4. UNHOOK FROM YOUR CELL PHONE AND EMAIL.
When you first get home, turn off from the outside world. Put your cell phone in the charger. Leave the internet and your email untouched. And very important, never look at email just before going to bed.
5. CHANGE YOUR CLOTHES.
By taking off and putting away what you wore to work, then donning some other combinations of shirts, pants, skirts, blouses, shoes, slippers and such, you make a strong physical statement that work is over. This is especially important for home-based workers who need a little extra in terms of disconnecting and psychologically detaching.

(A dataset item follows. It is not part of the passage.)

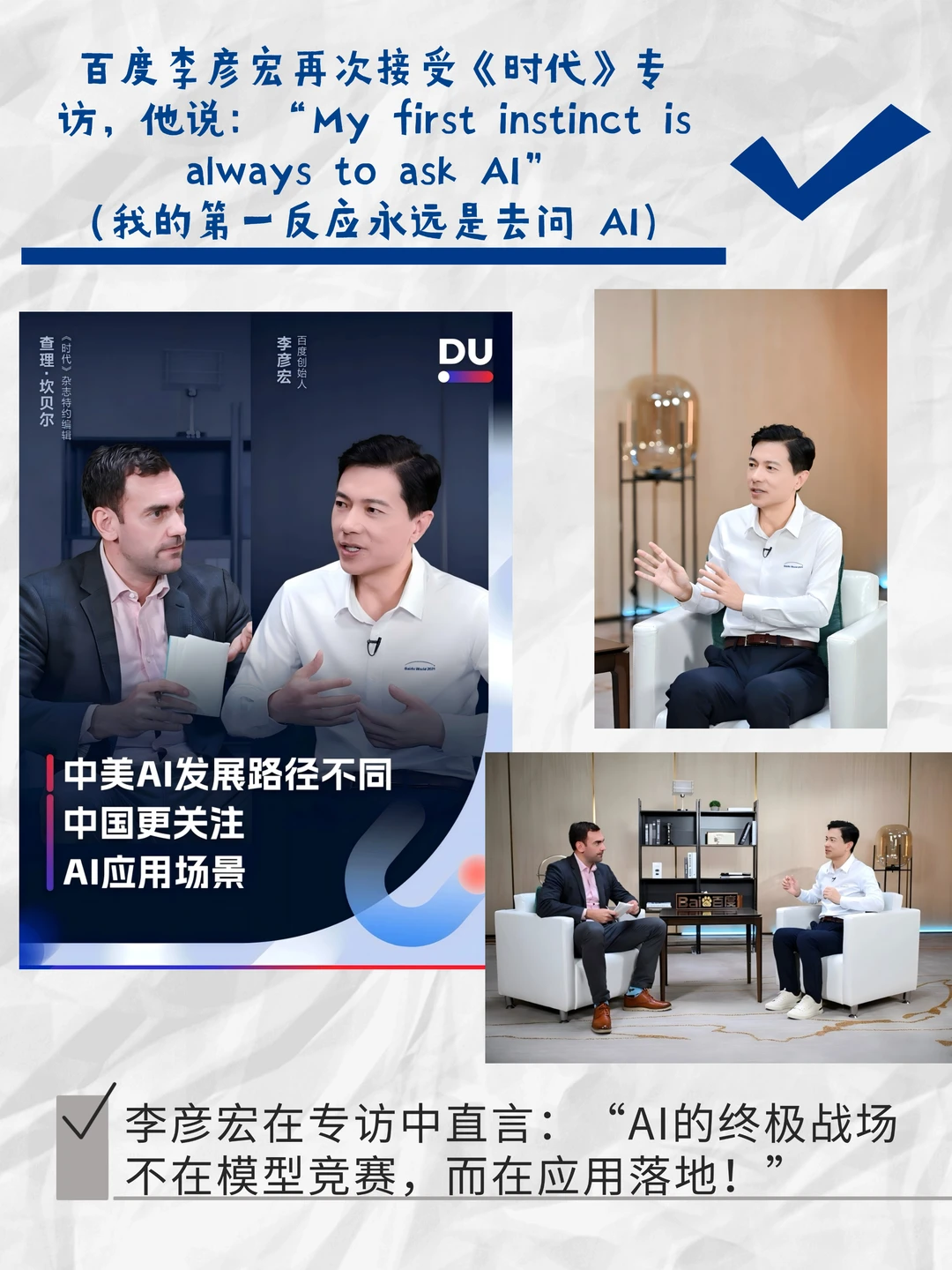 当OpenAI、谷歌追逐通用人工智能(AGI)的星辰大海时,百度李彦宏在《时代》专访中说:“AI的终极战场不在模型竞赛,而在应用落地!”这不是保守,而是基于中国产业现实的清醒判断——我们有全世界最复杂的供应链、最丰富的场景,AI必须“有用”才能创造价值。

6. DO SOME “ME TIME” STUFF.
Finally, bear in mind the research highlighting the importance of using some of your non-work time to do what you enjoy and what makes you happy. You might think of this as getting some “me time.” The idea is that your “me time” activities help you cope with your family and work responsibilities more effectively, as well as helping keep your mind off work related worries.
In conclusion, of course you have many different roles in life. But you are ultimately one and the same person, with limited time, energy and resources. If pressure is applied in one area of life, the consequences ripple outwards to other areas. So take care and build an effective separate work-time from not work-time habit, and you’ll be healthier and happier too. So will everyone else around you.